Noting that Lewis never married or had
children, his biographers have speculated that he may have been gay; the
fact that his Abbot quickly gets into an illicit sexual relationship with a woman who
not only dresses, but also behaves like a man may lend some support to this
idea. Then again, it may simply indicate that Lewis appreciated women’s
capacities for intelligence, resourcefulness, and independence. In any case, as
D. L. Macdonald points out, to identify Lewis as a homosexual would be anachronistic,
given that the word was not used as a noun until 1912. Foucault suggests that although
the recognisable social existence of homosexuals predated this linguistic
development, it is a relatively recent phenomenon:
As defined by the ancient civil or canonical codes, sodomy was a category of forbidden acts; their perpetrator was nothing more that the juridical subject of them. The nineteenth-century homosexual became a personage… (History of Sexuality, 1: 43)

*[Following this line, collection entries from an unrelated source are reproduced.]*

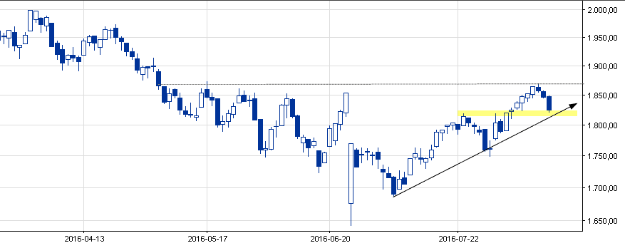 Przełamanie 1800 pkt może ruszyć kursem do luki przy ~1750 pkt.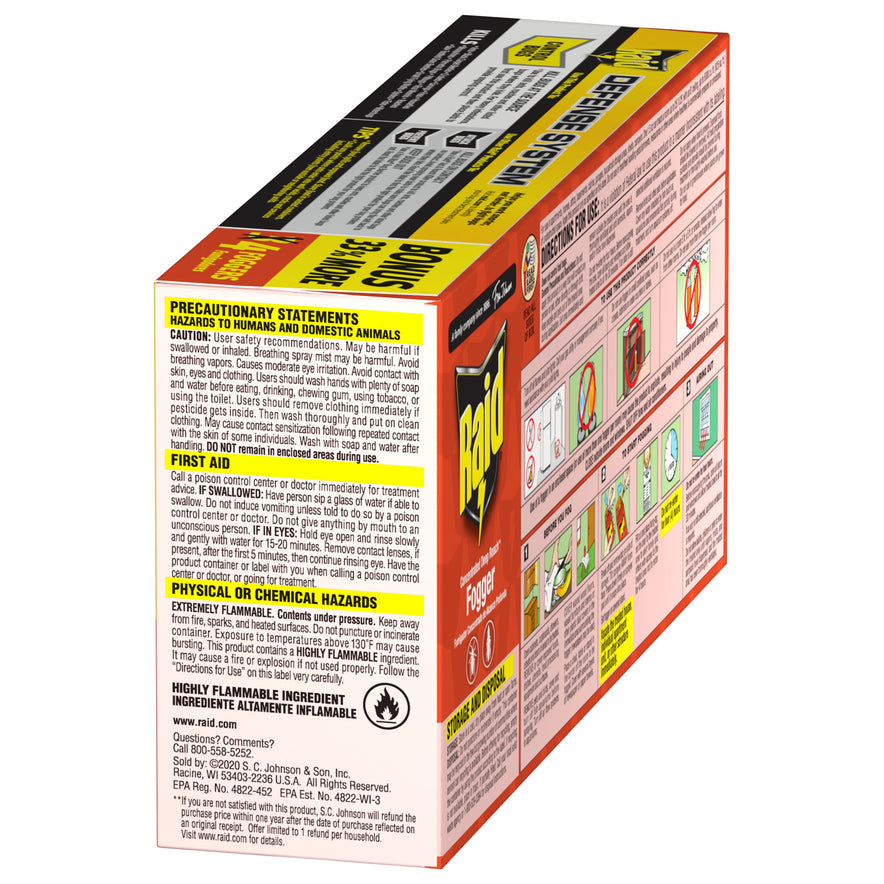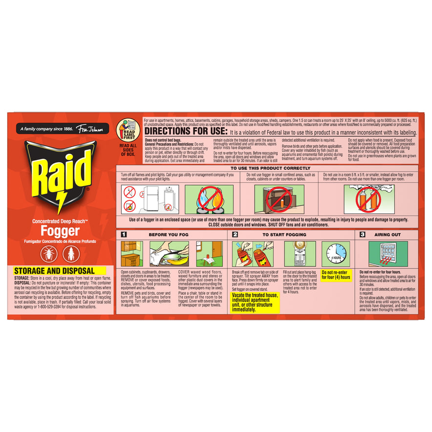 Raid Concentrated Deep Reach Fogger uses a bug killing fog to kill roaches and fleas in the hard-to-reach areas of your home. The fog treats an entire room with residual killing action against roaches for up to 2 months. The fog covers an area of up to 5,000 cubic feet and can even dissipate into closets and small areas within a room.
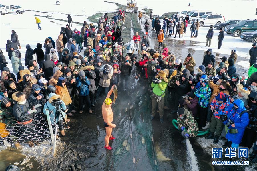 12月18日,一名冬泳愛好者展示冬捕魚(無(wú)人機(jī)拍攝)。新華社記者劉磊攝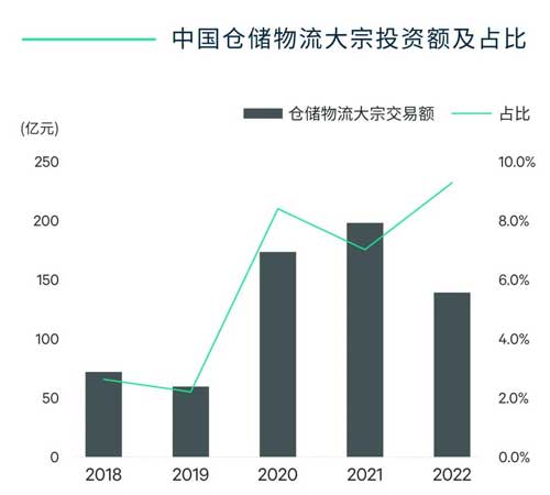 今年前三季度,全國(guó)倉(cāng)儲(chǔ)物流大宗投資累計(jì)約140億元,基本與2021年同期相當(dāng),而在全部大宗交易額占比則達(dá)到創(chuàng)新高的9.3%。除了京津冀、長(zhǎng)三角和大灣區(qū)三大沿海都市圈的投資機(jī)會(huì)繼續(xù)受到投資者重點(diǎn)關(guān)注之外,今年CBRE投資及資本市場(chǎng)部 | 產(chǎn)業(yè)地產(chǎn)團(tuán)隊(duì)促成的成都和武漢近50萬(wàn)平方米的高品質(zhì)物流資產(chǎn)包交易標(biāo)志著中國(guó)倉(cāng)儲(chǔ)物流領(lǐng)域投資正在開啟更廣闊的空間。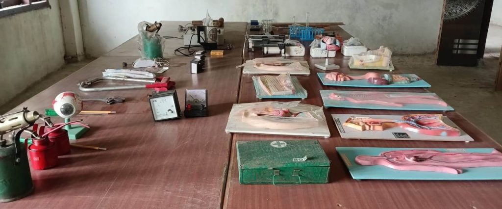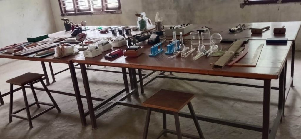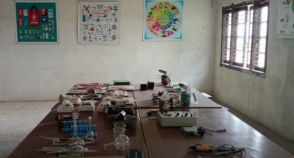 Learning by doing is the one of the cardinal principles of teaching science. For an effective and efficient teaching in science ad good laboratory with necessary equipment is essential. We do not aim at stuffing the minds of the pupils with mere facts of science but at developing in them the application ability, scientific attitudes, interests, appreciation etc. these can be achieved only if the students get the opportunities to work with their own hands in an atmosphere witch pervades in science teaching. The science lab consist of multiple sets of science apparatuses required to perform and demonstrate all the experiments prescribed in the secondary and senior secondary classes in physics , chemistry and biology.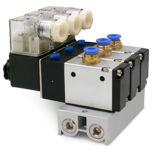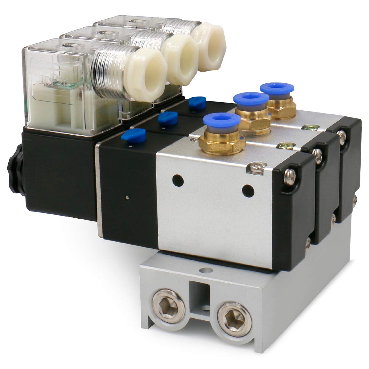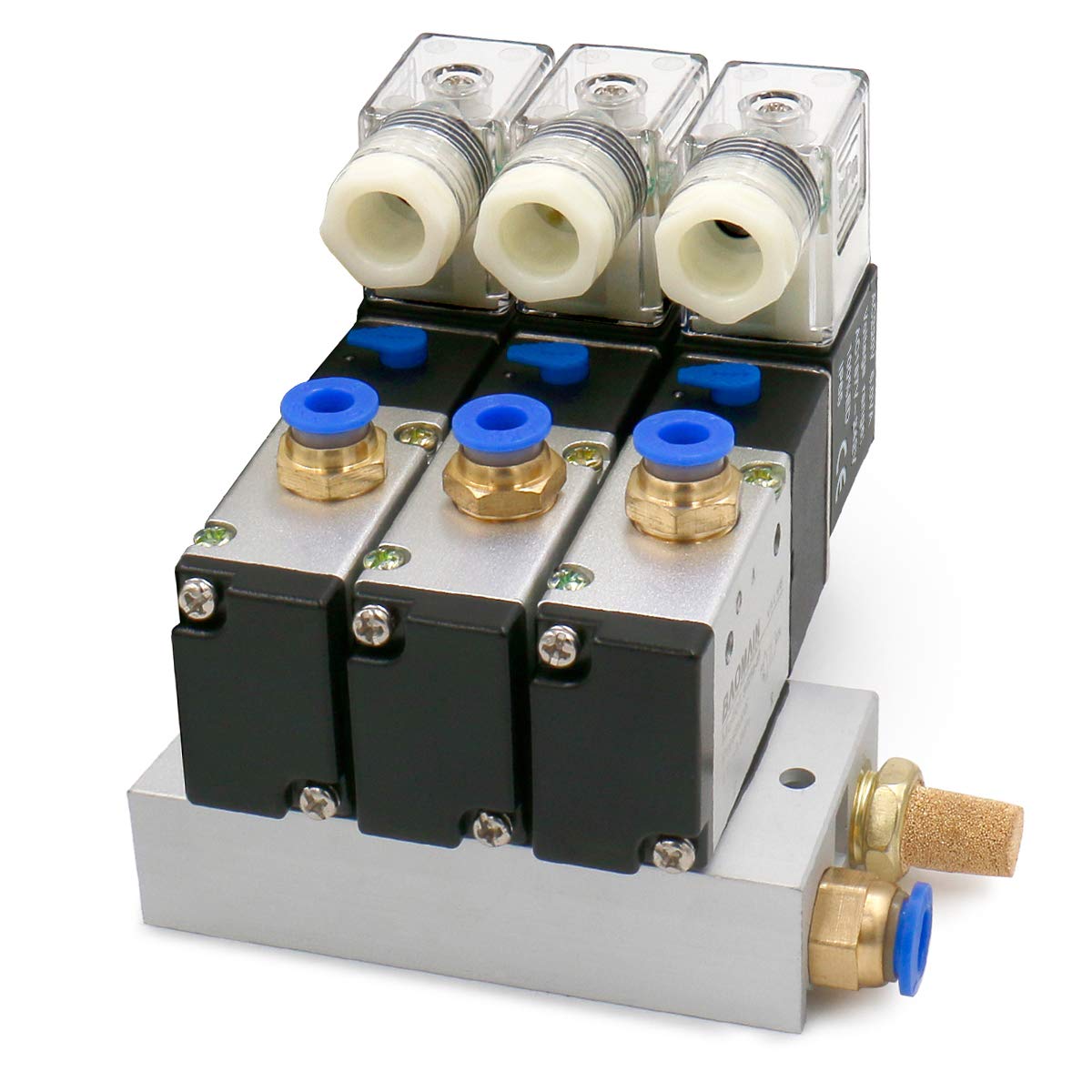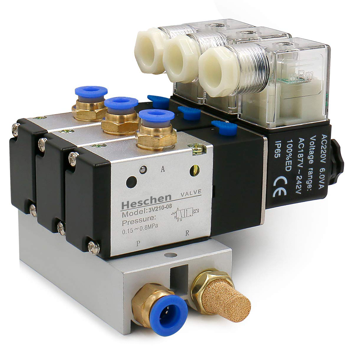 Heschen 3 Space Pneumatic Solenoid Valve 3V210-08 12 VDC/24 VDC/110 VAC/220 VAC PT1/4 2 Position 3 Way Manifold with Base Muffler Quick Fittings Set
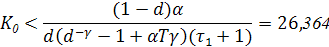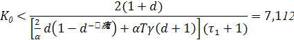 В неравенстве при известных значениях γ, Т , τ1 , Т1 входит величина К0 . Таким образом, можно выделить отрезок значений К0 "<К0 <К0 , при которых система будет устойчива и далее принять К0 = 0.5К'0 . Условия устойчивости будут: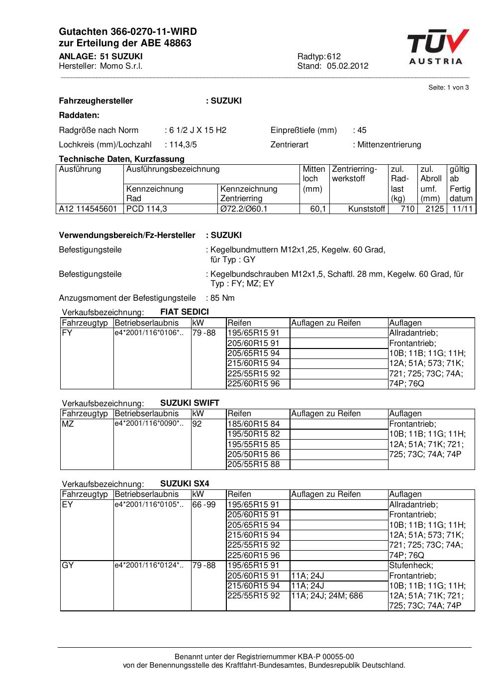 Dieses Gutachten (abe) bezieht sich auf die Alufelge Momo 612 in der Ausführung 2Jx15 ET 0, Mittenloch 0 mm (KBA 48863). Im PDF findest du typischerweise zulässige Reifengrößen, Auflagen/Anbauhinweise und – je nach Dokument – Hinweise zur Eintragung.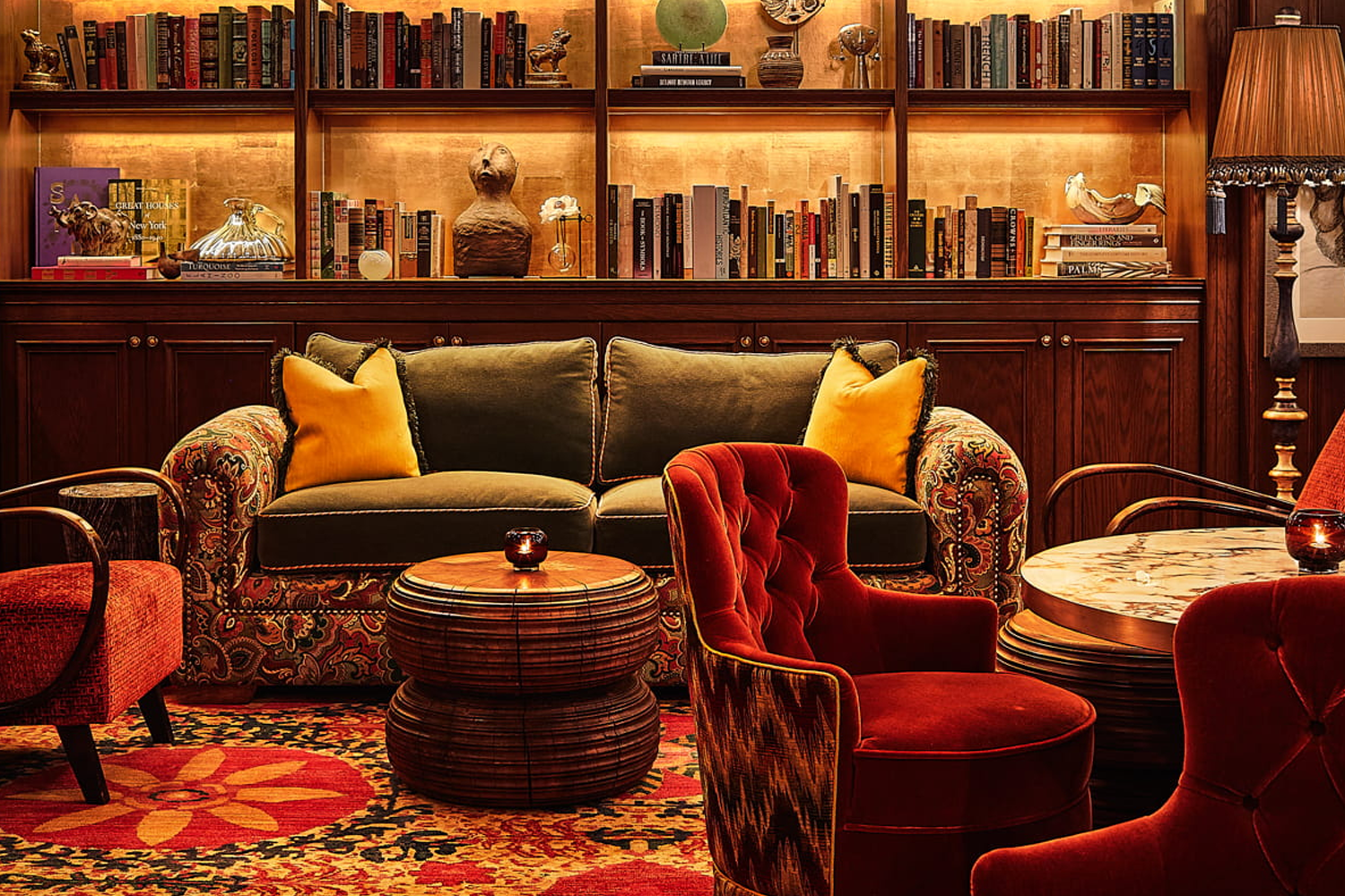 The Fifth Avenue Hotel in Midtown Manhattan’s NoMad neighborhood has a vibrant sense of style. It’s colorful and ornate, mixing lived-in history with a contemporary sensibility. It has personality. Flair. Whimsical spaces are filled to the brim with artwork, eye-catching wallpaper, ornate chandeliers and colorful light fixtures, and show-stopping, antique-grade furniture pieces, along with textures, layers and contrast galore. Guests are meant to explore and discover its sensory-rich environment, creating a real sense of awe and fascination.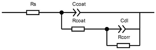 In order to provide a clearer reflection of the corrosion status of the coatings, impedance spectra were fitted using CSstudio5 software, employing an equivalent circuit as illustrated in Figure 5. Herein, Ccoat represents the capacitance of the coating itself, Rcoat denotes the resistance of the coating, Cdl signifies the double-layer capacitance at the metal surface beneath the coating, and Rcorr represents the impedance of the electrode reaction when the solution permeates the coating and reacts electrochemically at the metal surface. The fitted value of Rcoat is presented in Table 4.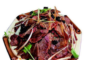 蓬莱卤驴肉由南门外黄开基首创,相传3代经营,享有“天上龙肉、地下驴肉、蓬莱卤驴肉、天下无敌手”之美誉。此菜特点是:肉色红亮,溢香扑鼻,鲜嫩爽口,为下酒之佳肴,在蓬莱市内各大餐馆均可品尝。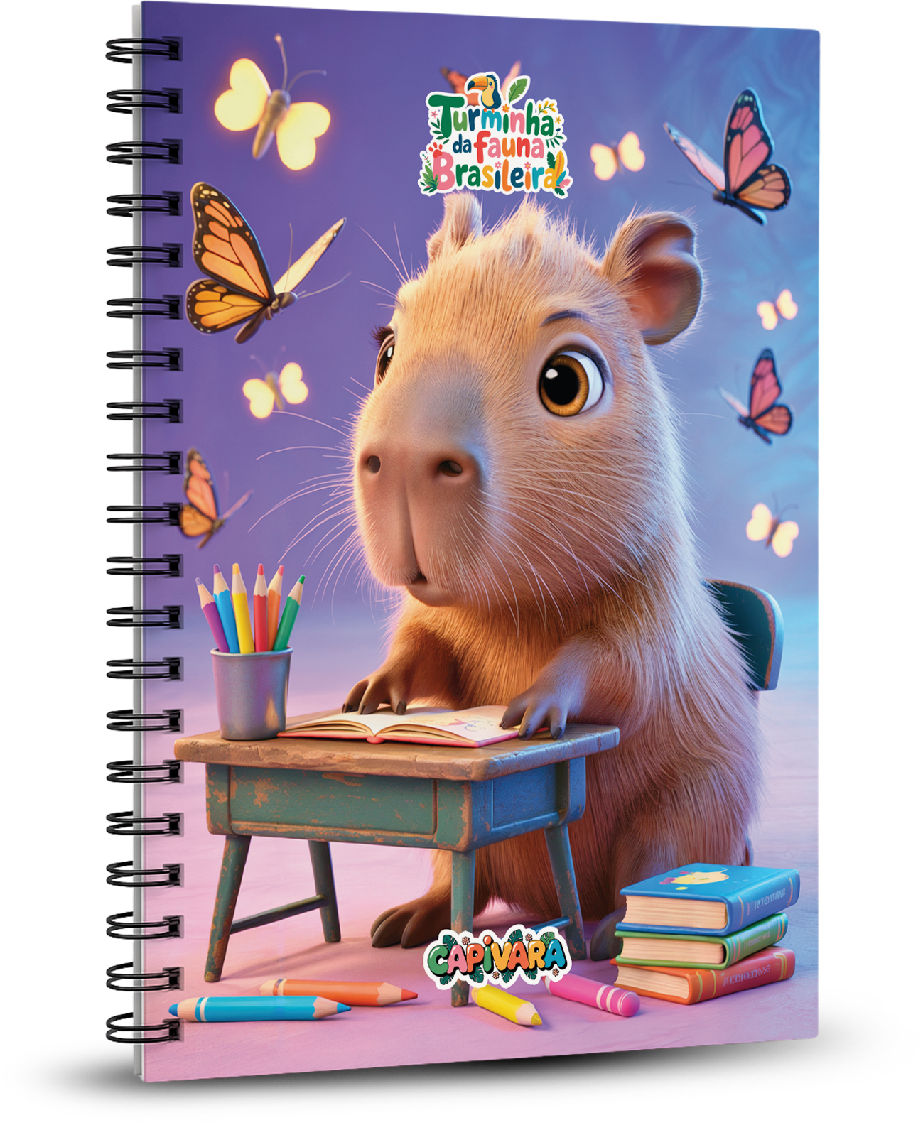 Caderno Universitário 100 folhas - A Turminha da Fauna Brasileira - Capivara

This can be seen as one consequence of the
more general rise of concern with personal identity and responsibility that
occurred during the seventeenth and eighteenth centuries of European history and intensified at
the time of the French revolution. This was when The Monk was written (it was completed in 1795), and also when the
noun responsibility first appeared in
both the English and the French language. From this perspective, the novel can
be seen as a highly engaging, and still relevant meditation on anxieties about
sexuality, conceived as a dangerous matter of individual and political responsibility, tightly linked to personal identity.
It strikes me that the historical shift
from imputability or accountability for acts,
to responsibility for one’s person,
is also relevant to the social complexities of becoming vegan (which
incidentally is a very recent possibility: the term was coined by an English
animal rights advocate in 1944). It is one thing to refrain from consuming
animal products; it is another to defend or claim the identity of “being” a
vegan. However, in a social space dominated by identity politics and the
concept of personal responsibility, it is near impossible to do the first
without engaging with judgments in relation to the second.
Having said this, during my July
experiment, "acting" vegan turned out to be surprisingly easy, thanks to the fact that many businesses
have identified the vegan as a potential consumer. Capitalism is remarkably
nonjudgmental; it doesn’t care about your ethical commitments, or lack of them,
or whether you’re a true believer or a heretic in the eyes of any particular
social group. As a consequence, vegan options were available everywhere I ate
out, from the chicken shop in Ashburton to the Ethopian restaurant up the road.
I didn’t strike any incomprehension or hostility in response to requests for vegan
food in restaurants. On the contrary, my tentative inquiries about dairy
content were often met with the question, “Are you vegan?” followed by a ready
list of what they could offer me; in one Thai restaurant in Darlinghurst, I was
presented with a separate menu for vegans. And since I live within walking
distance of Terra Madre, a “health food store and wellness clinic” in
Northcote, aka nirvana for foody hipsters, I had ready access to multiple products catering specifically
to the vegan market, such as “Premium Omega-3 table spread” and vegan cheese
(truly a contradiction in terms).
In reflecting on the ease of shifting to a
vegan diet in this place and time, it occurred to me that catering for vegans
may have become more economically viable and socially acceptable since the rise
in food allergies, since this means that more people have dietary restrictions
that intersect with vegan dietary choices, but are not linked to any challenging ethical positions or minority social identities. On the other hand, perhaps the increasing
adoption of a growing range of dietary restrictions is not merely a consequence
of health pathology, but an expression of hunger for ascetic restraint and simplicity in this
over-stimulated, consumerist century.